И вдруг лицо женщины преобразилось. Только что, какое-то мгновение назад, это была надменная, холодная львица, но теперь… Теперь ее огромные золотые глаза вмиг наполнились слезами, она побледнела, хотя, казалось бы, бледнеть дальше ей было уже просто некуда, и… рухнула передо мной на колени.

— Что вы! Что вы! — потрясенно забормотал я, а она отчаянно цеплялась за меня своими красивыми, точеными руками и рыдала, рыдала навзрыд.

— Нет!.. — всхлипывала она. — Нет! Не надо! Умоляю вас, не говорите ничего господину графу! Не говорите ему о том, что я виделась с вами, что просила уехать. Я просто глупая, взбалмошная женщина, но если господин граф узнает…

— Ну послушайте, послушайте… — изумленно лепетал я. — Да успокойтесь же вы наконец!

— А вы не скажете? Вы правда ничего ему не скажете? — Она в отчаяньи заламывала тонкие руки, и слезы ручьем струились по белоснежным щекам.

Человек слаб, человек-мужчина — тем более. И я сдался. Я поднял ее с пола, начал утешать, уговаривать и нести всякую околесицу, лишь бы только она успокоилась.

Знаете, не хочу кривить душой и уверять вас, что мне это было так уж неприятно. Льщу также себя надеждой, что и ей это не было слишком противно, потому что слезы постепенно высохли и она наконец успокоилась, чему, думается, в немалой степени поспособствовало и то обстоятельство, что я собственноручно вытер ее нежные бледные щечки своим фамильным носовым платком.

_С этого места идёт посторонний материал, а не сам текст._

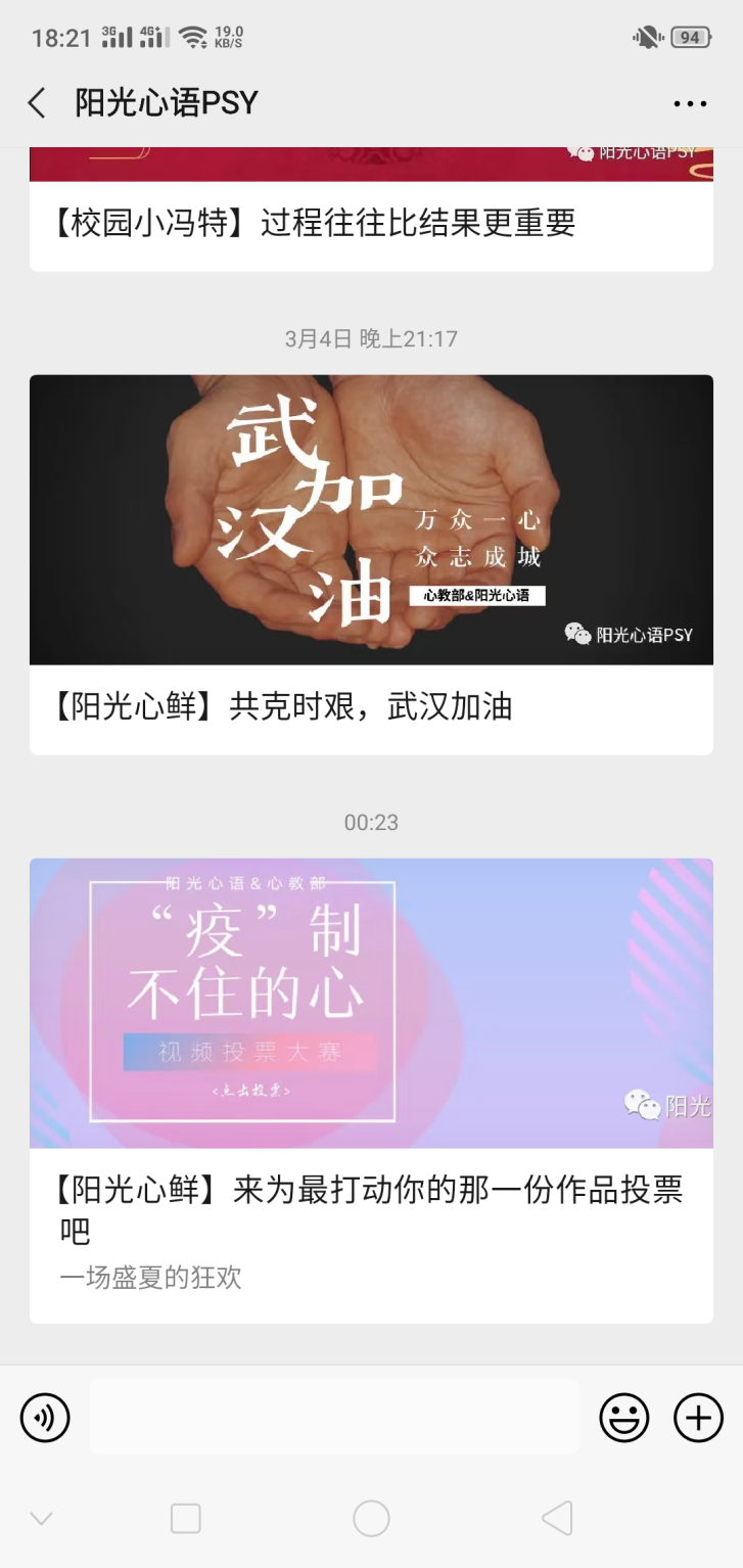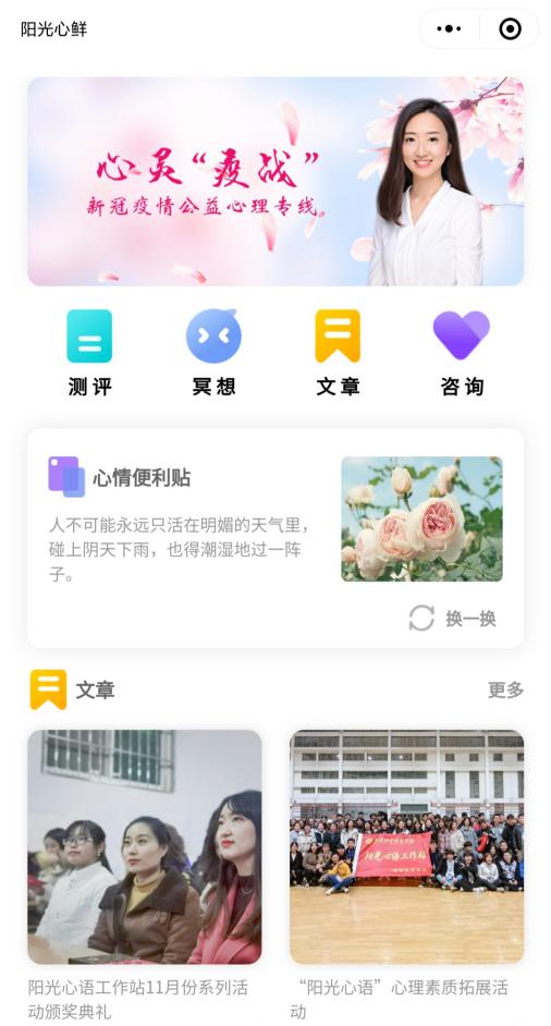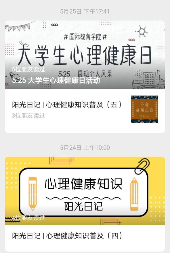 “525大学生心理健康月”期间,我们充分利用了线上技术资源。买球官方网站阳光心语工作站首当其冲,进行了爱心帮扶线上心理问卷调查,问卷内容由买球官网心理专干丁玮老师亲自设计,问卷涵盖了家庭经济情况普查、家庭关系情况普查、自身心理情况变化调查等几方面的内容,通过本问卷调查可全面并真实的了解到同学们近期的心理变化。同时我们建立了“阳光心鲜”小程序,开通了与国教院心理专干丁玮老师的对话直通车,对国教院全体学生开放,存在心理疑惑的同学都可以进行专业的心理辅导。丁玮老师为国家二级心理咨询师,从业八年,拥有丰富的实战经验,咨询风格亲和温润,共情能力一流。同时为了让同学们更好的认识此次肺炎疫情,迎接抗疫收官之战,保护自身安全,买球官方网站在官方微信公众号上发布了由心教部携手阳光心语工作站共同创作的“防疫正当时”抗疫视频,宣传防护知识,对疫情期间存在的误解和不实信息进行讲解,缓解同学们的紧张情绪。与此同时,为期五天的“阳光日记”专题心理健康知识推送与战“疫”知识大挑战心理健康知识竞赛也在紧锣密鼓的进行,本次微信公众号“组合拳”宣传教育效果显著,达到了普及相关心理健康科学知识,帮助学生提高自身的心理调适能力和目标。

Потом я взял женщину за руку — она была ледяная. Видимо, бедняжка действительно сильно переволновалась.

— Поверьте, милая, — с чувством произнес я, — что я ни словом не обмолвлюсь господину графу о нашем с вами разговоре, однако же…

— Нет-нет! — снова испуганно воскликнула незнакомка. — Вы вообще не должны говорить ему, что встречались со мной в замке!

— Готов поклясться, здесь кроется какая-то тайна, — голосом старого ловеласа проскрежетал я.

Она смущенно потупилась.

— Да… тайна…

— Господина графа?

— Не только… Это и моя тайна тоже…

Кажется, я начал понемногу прозревать.

— Так вы хотите сказать, дорогая, что…

Она вскинула голову и смело, даже с вызовом, посмотрела мне прямо в глаза:

— Я хочу сказать, сударь, что эта тайна только моя и господина графа, и никто, вы слышите, больше никто на целом свете в нее не посвящен.

Я был озадачен.

— То есть, если правильно понял, люди в замке не знают о вашем существовании?

— Ни одна живая душа.

— Простите, но как вам удается?.. Конечно, быть может, это действительно не мое дело, но, честное слово, не понимаю, каким образом вам удается скрываться от остальных обитателей замка. И вы здесь… давно?

— Давно… — Глаза ее снова чуть затуманились, но она вдруг тряхнула своими прекрасными золотистыми волосами. — Очень давно…

— Простите еще раз. — Я поклонился. — И умолкаю, хотя, признаюсь, все-таки очень хотелось бы узнать, почему вы столь настойчиво требовали, чтобы я уехал, почему вы всегда появляетесь так внезапно, и почему…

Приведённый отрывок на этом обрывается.